AI-driven cyberattacks outpace APAC government defenses
Automation is accelerating threats as a 56% talent gap strains security teams.
Cyber-attacks across Asia-Pacific are becoming faster, cheaper, and more automated, driven by generative AI and industrialised cybercrime models, just as governments struggle with a 56% cybersecurity workforce shortfall. Experts warn the imbalance between attacker capability and public-sector defence is widening rapidly.
According to Dr Peter Finn, Generative AI & Cybersecurity Instructor at Vertical Institute, these tools amplify long-standing weaknesses, including “vulnerabilities in the form of basic security gaps, outdated systems, unpatched software,” that attackers once needed far more time to uncover.
Automation has also changed attacker economics. Finn said it now allows hackers to “effectively target a lot of other types of systems and in victims that would not normally be targeted because they were not considered to be worth necessarily the time and the effort,” dramatically expanding the pool of viable targets.
Cybercrime has also become a service-based industry, said Anthony Wong, Vice President, Secure Digital Operations, APAC at Rockwell Automation. As a result, “the barrier to entry is much lower,” enabling attackers to launch campaigns at speed and scale without advanced skills.
At the same time, governments are increasing their exposure through digital transformation. Wong noted that organisations are “connecting more of the enterprise systems to their physical assets like machines and fleets, which is really increasing that attack surface area.” Many operational technology systems were designed decades ago and are now being linked to IT networks, creating new vulnerabilities attackers can exploit.
Angela Zhao, Senior Director Analyst at Gartner, mentioned that AI generates extremely convincing phishing emails that mimic a colleague's style and reference specific online details, this increases both speeds and success rates of social engineering campaigns.
Looking ahead to 2026, Zhao said governments must prepare for “machine speed attacks that overwhelm human pace defense.” She warned of rising AI-native threats, including deepfake manipulation and adversarial prompting that can compromise AI systems and cause operational errors. Software supply chain risk and geopolitics-driven disruption are also growing concerns as governments build sovereign AI infrastructure that creates high-value cyber targets.

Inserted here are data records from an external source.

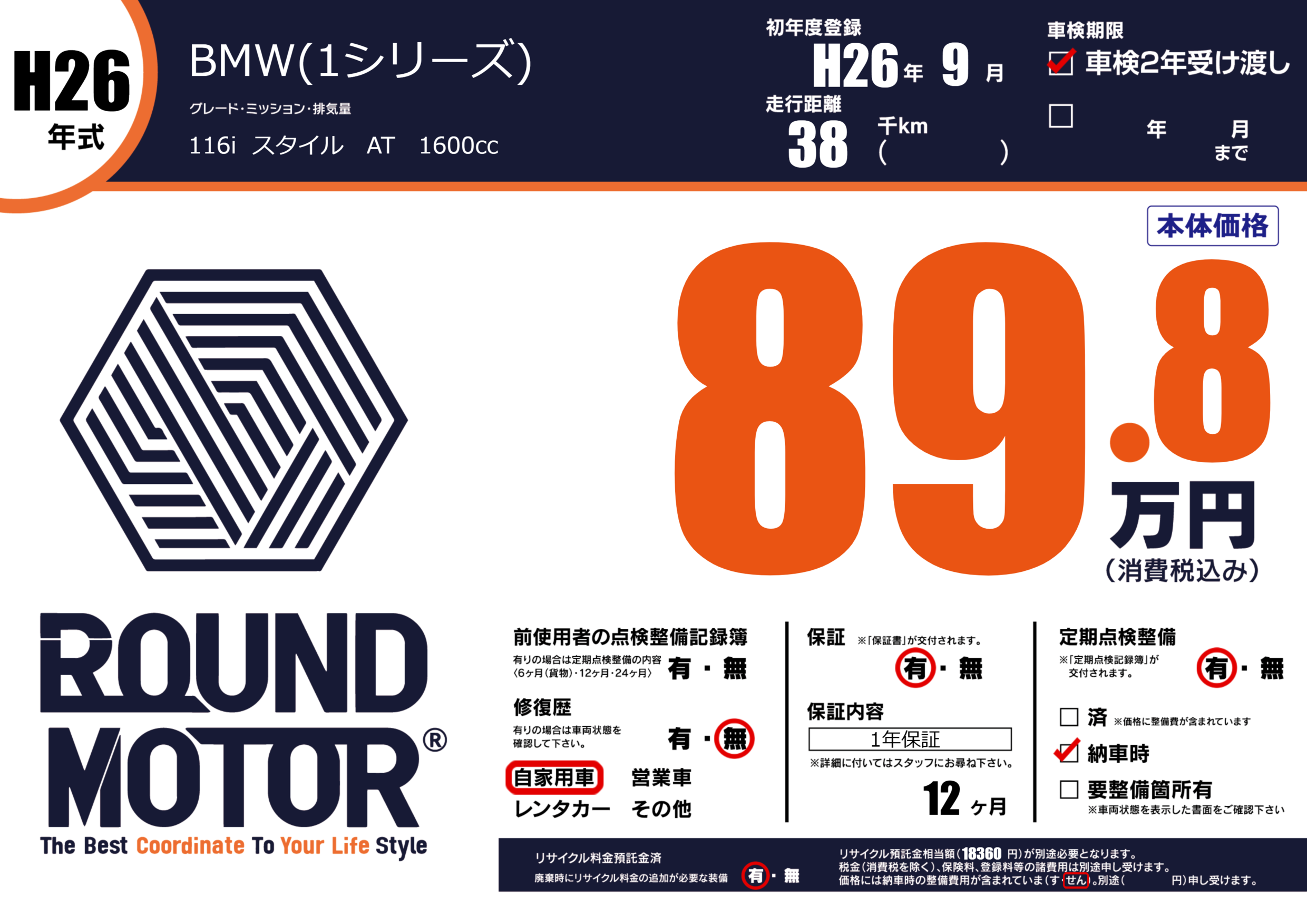 | 走行キロ | 3.8万km | 初年度登録 | H26年9月 |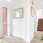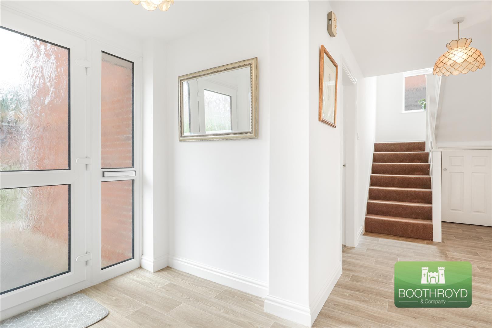 The property is approached across a paved pathway that is flanked by open plan formal lawns. Accessed through an obscure door that leads into the entrance hallway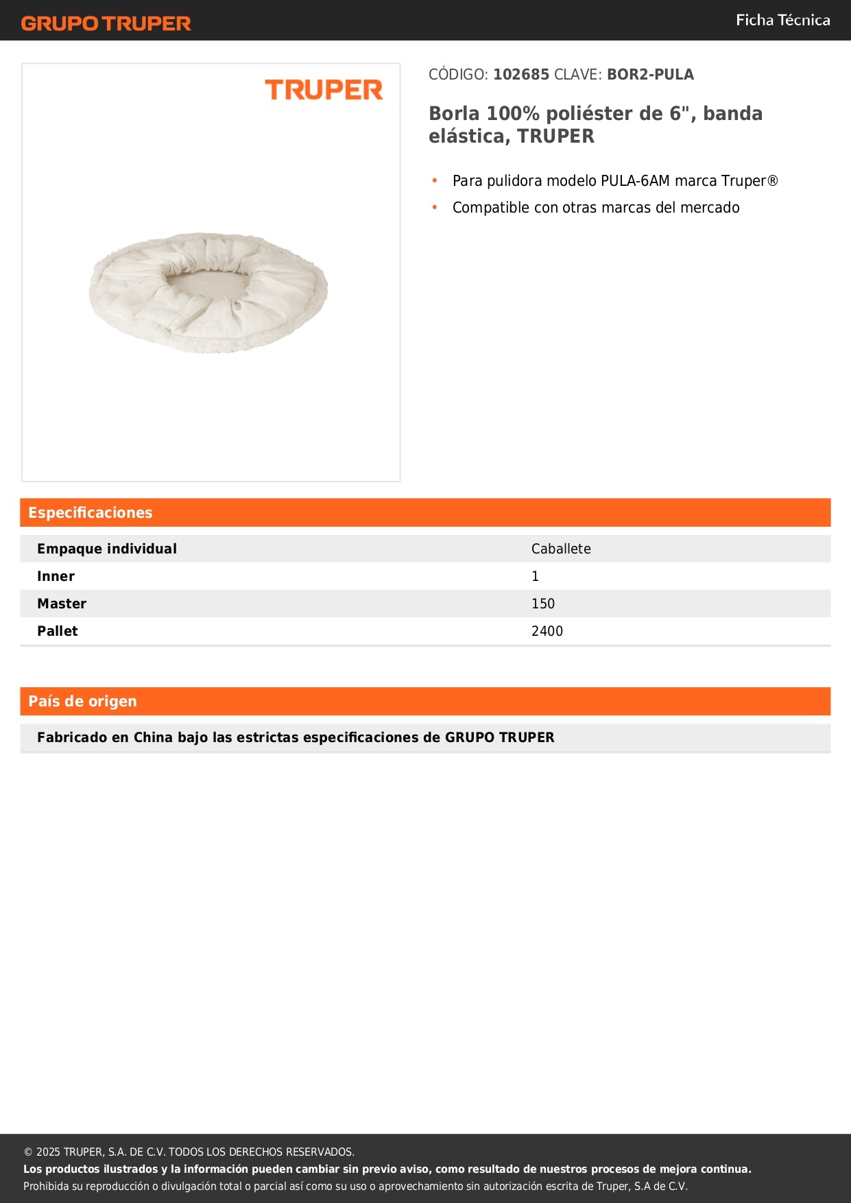Borla 100% poliéster de 6", banda elástica, TRUPER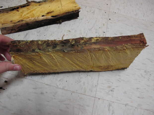 Usted también tendrá un bloque de pegamento, estoy usando una pieza de 1 "x 2" Pino aquí porque es lo que tenia, pero debe usar algo que no astillan muy fácilmente (tal vez álamo o cualquier otra cosa tener a la mano). Tuve problemas con el osage saliendo porque el pino astillada donde estaba la línea de pegamento.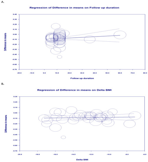 Random-effects meta-regression for evaluating the effect of: (A) delta BMI; (B) follow-up duration.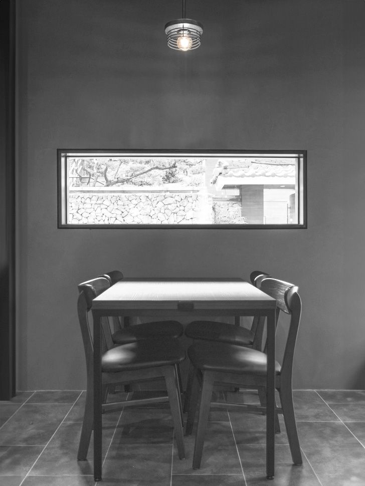 한식의 품격을 현대적 공간으로 풀어낸 레스토랑. 전통과 절제의 균형을 핵심 언어로 삼아, 돌과 목재, 어두운 철재가 만들어내는 대비가 음식에 집중할 수 있는 차분한 분위기를 만들어냅니다.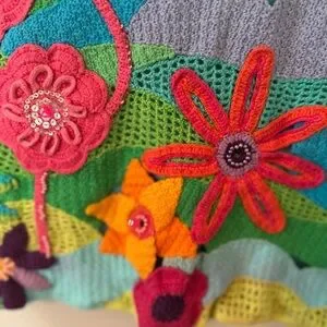 Michael Simon Multicolor Knit Sweater with crochet, sequins and beads.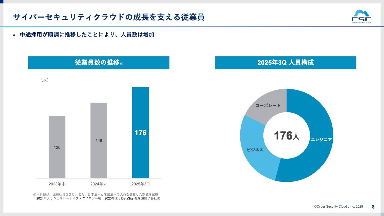 2025年の進行期全体においても、特に後半は非常にすばらしい人材が多く入社し、人数だけでなく、仲間としての強さも大きく向上していると感じています。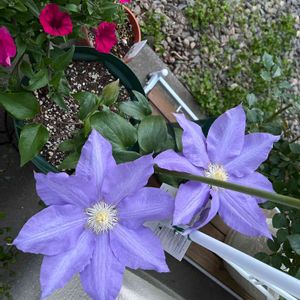 こんにちは😃💜 今日の私のお花は大好きなお花クレマチスさんです🥰👍👍 このクレマチスHFヤングは花咲き始めから少し時間が経つと花色が変わります。 (((o(*゚▽゚*)o)))💜💜💜🍀🍀 ◎ クレマチス 鉢植えで育てる場合、又苗が定着するまでの時期、苗に対して鉢が小さくなってきた場合など植え替えが必要な時があります。 基本的に真夏などの高温時以外でしたらどの時期に植え替えても大丈夫ですが、開花真っ最中などはもちろんですが、せっかく誘引したツルが伸びている時や旧枝咲きタイプだと去年のツルを残さないといけないので、苗が休眠している12~2月に植え替えするのが最適です。 鉢植えの場合は表面の土が乾いてきたら鉢底から出てくるくらいにたっぷりと与えます。春から夏にかけては毎日、真夏は1日2回与える事もあります。この時も真昼の暑い時間ではなく朝の涼しい時間に与えます。 秋になってもまだ開花する種類がありますので毎日欠かさず与えましょう。冬の休眠中になって2日に1回でも大丈夫です。 地植えの場合もほぼ同じですが、梅雨時期は少し回数を減らし冬も2~3日に1回でもいいです。 ◉ 四季咲きなので今季3回目です🥰😍💜💜💜 🏷 青い花で納涼祭2022 この綺麗な色合いのクレマチスさんは涼しさを与えてくれています。 (((o(*゚▽゚*)o)))💜💜 素敵な土曜をお過ごしください🤗💐💐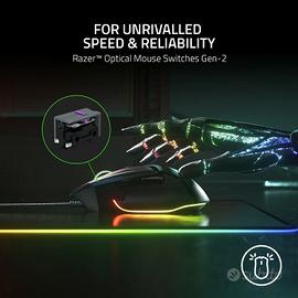 Dotato di sensore ottico Razer Focus+ da 26.000 DPI reali, garantisce massima precisione e risposta istantanea per eSport, FPS e giochi competitivi.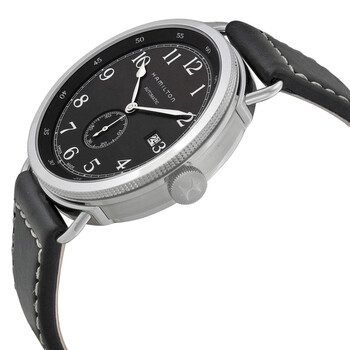 Stainless steel case with a black leather strap. Fixed stainless steel bezel. Black dial with silver-tone hands and Arabic numeral hour markers. Minute markers. Arabic numeral minute markers (at 5 minute intervals) around the outer rim. Dial Type: Analog. Date display at the 3 o'clock position. Small seconds sub-dial. ETA caliber 2895-2 automatic movement, based upon ETA 2892-A2, containing 27 Jewels, bitting at 28800 vph, and has a power reserve of approximately 42 hours. Scratch resistant sapphire crystal. Pull / push crown. Transparent case back. Round case shape. Case size: 40 mm. Case thickness: 7 mm. Band width: 20 mm, band length: 7 inches. Tang clasp. Water resistant at 100 meters / 330 feet. Functions: date, hour, minute, second. Khaki Navy Pioneer Series. Dress watch style. Watch label: Swiss Made. Hamilton Khaki Navy Pioneer Automatic Black Dial Men's Watch H78415733.
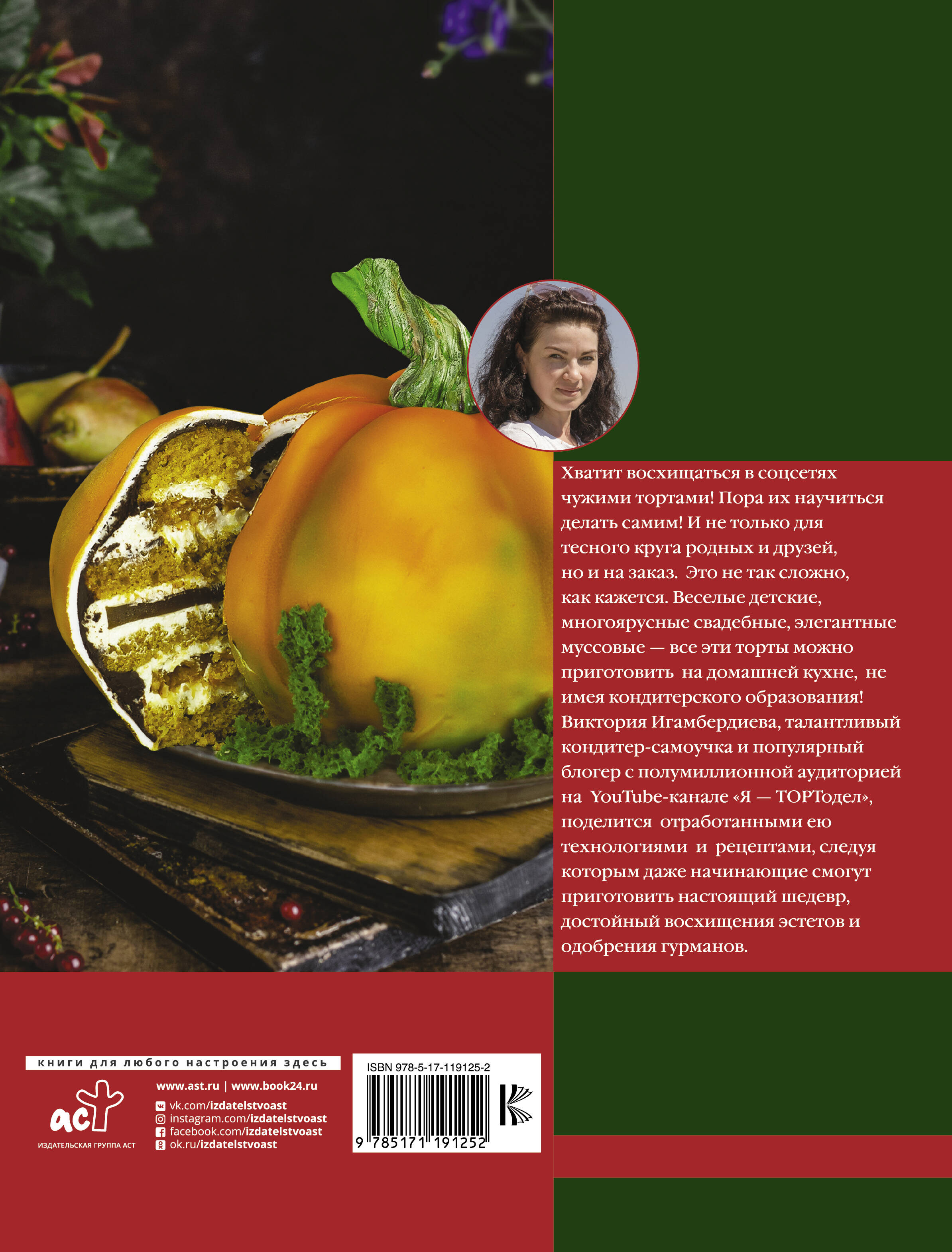 Виктория Игамбердиева, талантливый кондитер-самоучка и популярный блогер с полумиллионной аудиторией рассказывает, как, не имея кондитерского образования, можно научиться делать шикарные торты на собственной кухне. И не только для близких, но и на заказ! Большинство рецептов в книге сопровождаются QR-кодами, отсканировав которые читатели смогут посмотреть видео-уроки автора на заданную тему. Автор делится своими фирменными рецептами коржей, начинок, декора для торта, которые разработала сама и опробовала на сотнях десертов. А еще Виктория публикует пошаговые уроки создания своих самых необычных тортов.| Издательство | Издательство "АСТ" |

Ransomware remains a persistent threat. Zhao said activity has increased “about 40 to 50% year on year,” with actors expected to further weaponise AI. Finn added that attacks on critical infrastructure, from energy grids to healthcare systems, have intensified amidst geopolitical conflict, while “ransomware phishing attacks continue to evolve.”
Closing the talent gap is now critical. Wong said governments can expand capacity by retraining staff with IT, engineering, or policy backgrounds through targeted programmes and partnerships with industry and academia. Finn stressed the need for hands-on training and simulations, arguing that “cyber security is not just something that you want to leave to a group of highly trained professionals,” but a set of skills that must be widely embedded to keep pace with AI-driven threats.